PostHeaderIcon A tutorial!

Or maybe better titled "distraction"?


I've been meaning to post this for a few days, but I've kept myself busy trying to go through and do a bit of spring decluttering cleaning around my house. Tonight is the storage closet *shudder*

So, to take a little break, I figured I would go ahead and type out this tutorial for anyone who may be interested =)

What're we making?

What you need:
Printed Alphabet (If you use my templates you will need 7 sheets of printer paper)
  • Download the PDF HERE
Scrap fabric pieces (or yardage if you prefer!)
Pins
Scissors (Fabric and paper)
Some sort of stabilizer like:
  • Batting
  • Interfacing
  • Felt
Optional Supplies:
Exacto-knife
Magnets (Small to put inside the letters before closing them all the way up!)

Now, let's get started!

Step 1.
  • Print and Cut out your alphabet templates.
  • I recommend using an Exacto-knife to cut out the centers of the letters or those hard to reach with scissors places =)


Step 2.
  • Using the paper templates you just cut out you'll start cutting out your letters. You'll choose a front fabric and back. I cut mine out at the same time just remember to place the backing fabric right side down and the front fabric right side up and your letter on top of those pieces.

  • Please note that with this step if you'd like your letters to have felt as backing so that they can be used on a felt board you would be cutting the felt as the backing fabric!
  • Pin your templates in place so that they (and the fabric) don't wiggle around as you cut them out.



  • I recommend that you cut the main shape out with a large pair of fabric scissors and then a small pair for the inside details.


(I LOVE THESE!!!!)
If you fold the letter a little bit and use the tips of the small scissors to start a small hole to get in there it makes a world of difference =)
Voila!

  • Now you'll need to cut out your interfacing letter as well (or batting, whatever you prefer to use as the inside to make it a little more sturdy!) I trace my letter in pen straight onto my interfacing so that I can cut it out without worrying about my template.


  • Once you have it traced or pinned to the interfacing(or batting) cut out your letter.

Step 3.
  • Stack your letter cut outs with back fabric facing right side down then your interfacing(or batting) and then top the sandwich with the top fabric facing right side up. (You're pretty much making a mini quilt here lol if that makes more sense!)
Step 4.
  • Pin if you feel the need and then sew a very scant 1/4 inch seam around the entire edge of the letter.

(Pivot at the corners!!!)

  • Once you have the outsides of the letter sewn together move onto the inside details.
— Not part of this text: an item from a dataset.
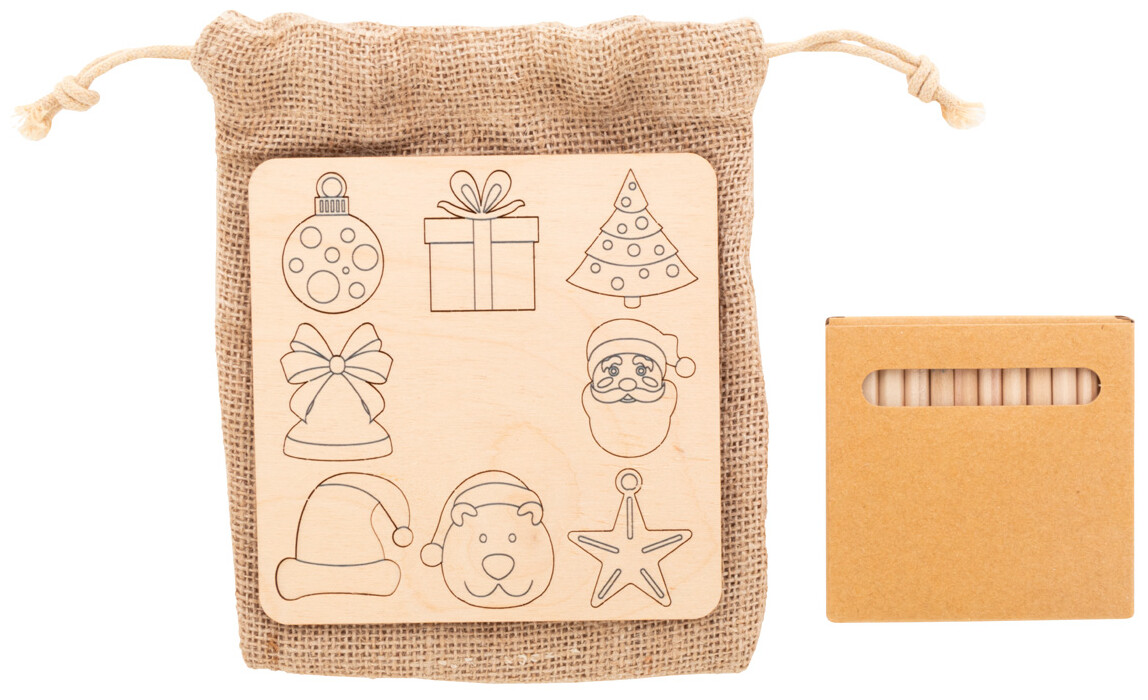 Vánoční vybarvovací hra z březové překližky s jutovým pouzdrem. Obsahuje tématické vyřezávané figurky (8 ks) a dřevěné barevné tužky (12 ks) v papírové krabičce.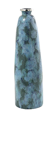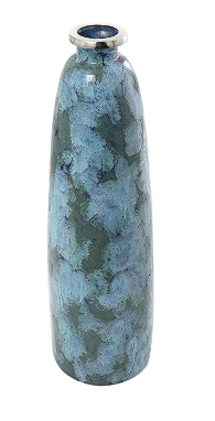 TEAL GLASS HANDMADE VASE WITH SILVER RIM, 10" X 10" X 34"

So for the A, you'll sew around the inside triangle =) (Sorry I forgot to get a picture of that step lol)
Step 5.
  • Trim the interfacing or batting if you prefer. I used my small scissors(see I really do love them!) to trim away the excess because I was afraid with my daughter's tiny hands she might get a paper cut from it. So, just keep that in mind =)
Step 6.
  • Enjoy your lovely little fabric letter and then move on to the next one =) 




And forgive me as this is my first tutorial. I wanted a set of letters for my daughter to play with that weren't the cheapo plastic magnetic ones you can find. I love this alternative, and I think she does, too! So, do you prefer less photos or is this an okay amount? And are the steps detailed enough? Give me feedback and maybe I'll do more =)




4 comments:

Joelle said...

looks like a great tute! if i had the patience to get through 26 letters, i might make some for this baby ;-P

Emily Malsam said...

They go together really quick, Joelle, I promise =)

Rachel said...

Fun! I bet your little one likes playing with them.

Cricket said...

I really like these. My daughter and I made a book of paper letters I cut out of textured Ralph Lauren paint chips so she can run her hands over them. It took us a long time with me cutting and her gluing.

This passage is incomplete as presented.